__Provided records__:

■ ■ ■ ■

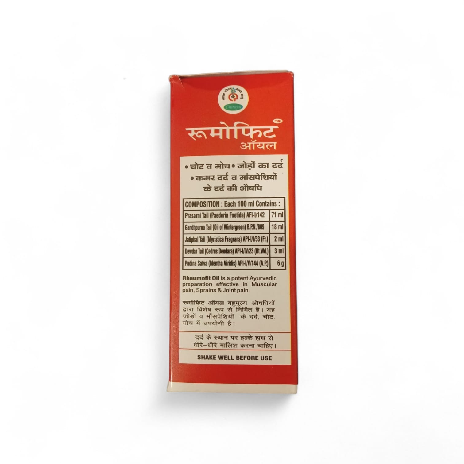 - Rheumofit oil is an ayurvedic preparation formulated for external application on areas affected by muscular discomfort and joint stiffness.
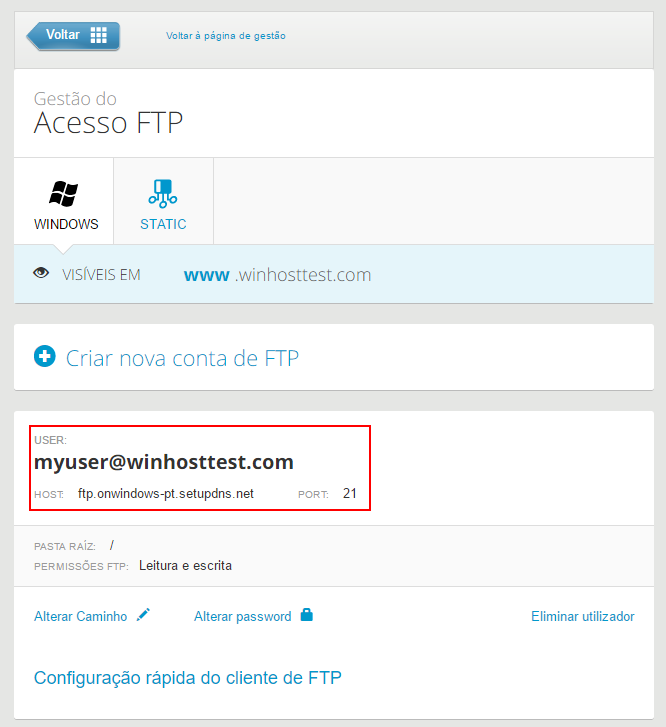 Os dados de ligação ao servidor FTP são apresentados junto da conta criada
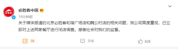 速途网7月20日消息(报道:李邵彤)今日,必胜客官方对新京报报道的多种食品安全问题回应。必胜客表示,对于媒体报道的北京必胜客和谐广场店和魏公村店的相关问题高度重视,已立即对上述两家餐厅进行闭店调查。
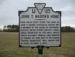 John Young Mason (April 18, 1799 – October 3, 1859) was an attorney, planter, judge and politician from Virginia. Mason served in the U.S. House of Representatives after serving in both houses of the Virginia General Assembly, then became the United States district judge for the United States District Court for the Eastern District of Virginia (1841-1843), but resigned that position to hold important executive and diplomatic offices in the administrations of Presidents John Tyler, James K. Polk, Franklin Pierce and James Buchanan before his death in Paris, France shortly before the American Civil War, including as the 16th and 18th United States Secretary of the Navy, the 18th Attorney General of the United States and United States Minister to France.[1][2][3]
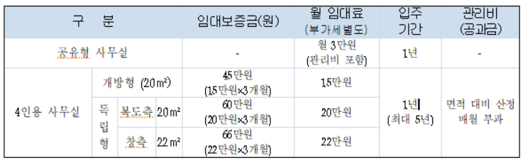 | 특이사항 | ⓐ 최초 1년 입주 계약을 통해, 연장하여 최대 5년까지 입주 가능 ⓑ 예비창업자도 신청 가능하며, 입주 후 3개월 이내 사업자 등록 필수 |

■ ■ ■ ■

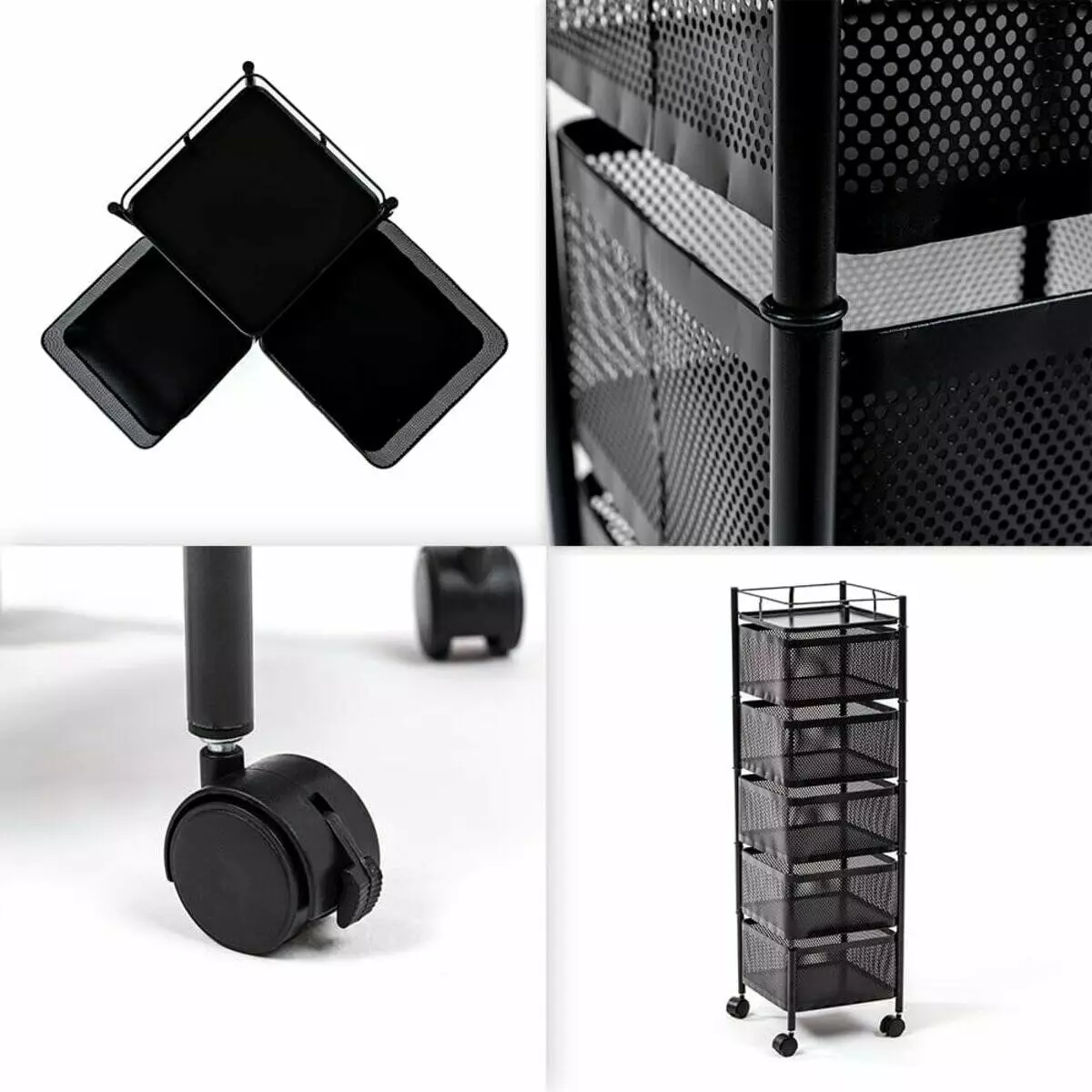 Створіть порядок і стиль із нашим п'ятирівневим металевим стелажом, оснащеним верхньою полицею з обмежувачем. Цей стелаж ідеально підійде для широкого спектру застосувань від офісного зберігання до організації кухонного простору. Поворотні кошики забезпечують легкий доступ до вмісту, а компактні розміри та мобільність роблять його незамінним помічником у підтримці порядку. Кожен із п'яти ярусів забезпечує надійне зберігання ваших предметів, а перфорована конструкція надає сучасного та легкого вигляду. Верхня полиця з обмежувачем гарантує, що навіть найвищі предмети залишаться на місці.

■ ■ ■ ■

__Try it__: Reproduce the data above exactly, but only from the line containing "速途网7月20日消息(报道:李邵彤)今日" through the line containing "사업자 등록 필수 |". Omit all pictures.

__Answer to this task__:
 速途网7月20日消息(报道:李邵彤)今日,必胜客官方对新京报报道的多种食品安全问题回应。必胜客表示,对于媒体报道的北京必胜客和谐广场店和魏公村店的相关问题高度重视,已立即对上述两家餐厅进行闭店调查。
 John Young Mason (April 18, 1799 – October 3, 1859) was an attorney, planter, judge and politician from Virginia. Mason served in the U.S. House of Representatives after serving in both houses of the Virginia General Assembly, then became the United States district judge for the United States District Court for the Eastern District of Virginia (1841-1843), but resigned that position to hold important executive and diplomatic offices in the administrations of Presidents John Tyler, James K. Polk, Franklin Pierce and James Buchanan before his death in Paris, France shortly before the American Civil War, including as the 16th and 18th United States Secretary of the Navy, the 18th Attorney General of the United States and United States Minister to France.[1][2][3]
 | 특이사항 | ⓐ 최초 1년 입주 계약을 통해, 연장하여 최대 5년까지 입주 가능 ⓑ 예비창업자도 신청 가능하며, 입주 후 3개월 이내 사업자 등록 필수 |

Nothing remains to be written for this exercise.